Moro tornou-se primeiro-ministro sem incidentes e governou até junho de 1968. Piano Solo caiu sob investigação oficial quatro anos depois, mas os resultados não foram publicados até que o público soubesse da existência de Gladio. Embora as descobertas omitissem qualquer referência ao papel do Reino Unido no golpe planejado, os documentos recém-divulgados sugerem fortemente o envolvimento de Londres. (Leia-os aqui).
O então presidente da Itália, Francesco Cossiga, solicitou ao ministério que entregasse "detalhes das medidas de suspensão do Reino Unido em 1964", de acordo com um memorando detalhado do Ministério das Relações Exteriores de fevereiro de 1991 sobre os recentes desenvolvimentos do escândalo.
Cossiga aparentemente fez esse inquérito como resultado de um juiz "cujas investigações sobre ataques terroristas não resolvidos trouxeram à tona a Operação Gladio" e que deu o "passo sem precedentes" de exigir que o presidente testemunhasse sobre a conspiração sob juramento. A essa altura, Cossiga havia admitido ter aprendido sobre a força "fique para trás" enquanto servia como ministro da Defesa júnior em 1966.

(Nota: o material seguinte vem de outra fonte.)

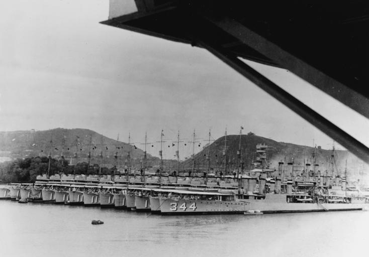 | Keywords: US Navy destroyers at Balboa, Panama, in 1934.jpg U S Navy destroyers moored together at Balboa Panama Canal Zone circa April 1934 Destroyers present include from right to left <br> USS William B Preston DD-344 <br> USS Preble DD-345 <br> USS Crowninshield DD-134 <br> USS Buchanan DD-131 <br> USS Aaron Ward DD-132 <br> USS Dent DD-116 <br> USS Waters DD-115 <br> USS Talbot DD-114 <br> USS Rathburne DD-113 <br> USS Lea DD-118 <br> USS Dorsey DD-117 <br> USS Hale DD-133 <br> USS Roper DD-147 and<br> USS Elliot DD-146 <br> The light cruiser USS Detroit CL-8 is in the right background Note the bands painted on the after smokestacks of William B Preston and Preble Official U S Navy photo http //www history navy mil/our-collections/photography/numerical-list-of-images/nhhc-series/nh-series/NH-49000/NH-49903 html NH 49903 from the U S Navy http //www history navy mil Naval History and Heritage Command ca 1934-04 Stahl U S Navy PD-USGov-Military-Navy USS Detroit CL-8 USS Rathburne DD-113 USS Talbot DD-114 USS Waters DD-115 USS Dent DD-116 USS Dorsey DD-117 USS Lea DD-118 USS Buchanan DD-131 USS Aaron Ward DD-132 USS Hale DD-133 USS Crowninshield DD-134 USS Elliot DD-146 USS Roper DD-147 USS William B Preston DD-344 ship 1919 USS Preble DD-345 United States Navy on the Panama Canal |

Sua consulta ao Ministério das
Relações Exteriores sugere fortemente que a inteligência britânica desempenhou
um papel
"um ou mais sequestradores de Moro mantinham contato secreto com o aparato de segurança"
Em 16 de março de 1978, uma unidade da militância de esquerda Brigadas Vermelhas Sequestrado Moro. Ele estava a caminho de uma reunião de alto nível, onde planejava dar sua bênção a um novo governo de coalizão que contava com o apoio comunista, quando os sequestradores o retiraram violentamente de seu comboio. Cinco seguranças de Moro foram assassinados no processo.
Depois de quase dois meses em cativeiro, quando ficou claro que o governo não negociaria com as Brigadas Vermelhas nem libertaria nenhum de seus membros presos em troca de Moro, os sequestradores executaram o ex-primeiro-ministro italiano. Seu cadáver crivado de balas foi deixado em um porta-malas de carro para apodrecer e para as autoridades encontrarem.
O assassinato de Moro inspirado difundido e bem fundamentado Suspeitas que os agentes de Gladio se infiltraram nas Brigadas Vermelhas para pressionar o grupo a cometer atos excessivamente violentos, a fim de fomentar a demanda popular por um regime de lei e ordem de direita. Mais do que talvez qualquer outro incidente, sua morte cumpriu os objetivos da estratégia de tensão do Estado de segurança.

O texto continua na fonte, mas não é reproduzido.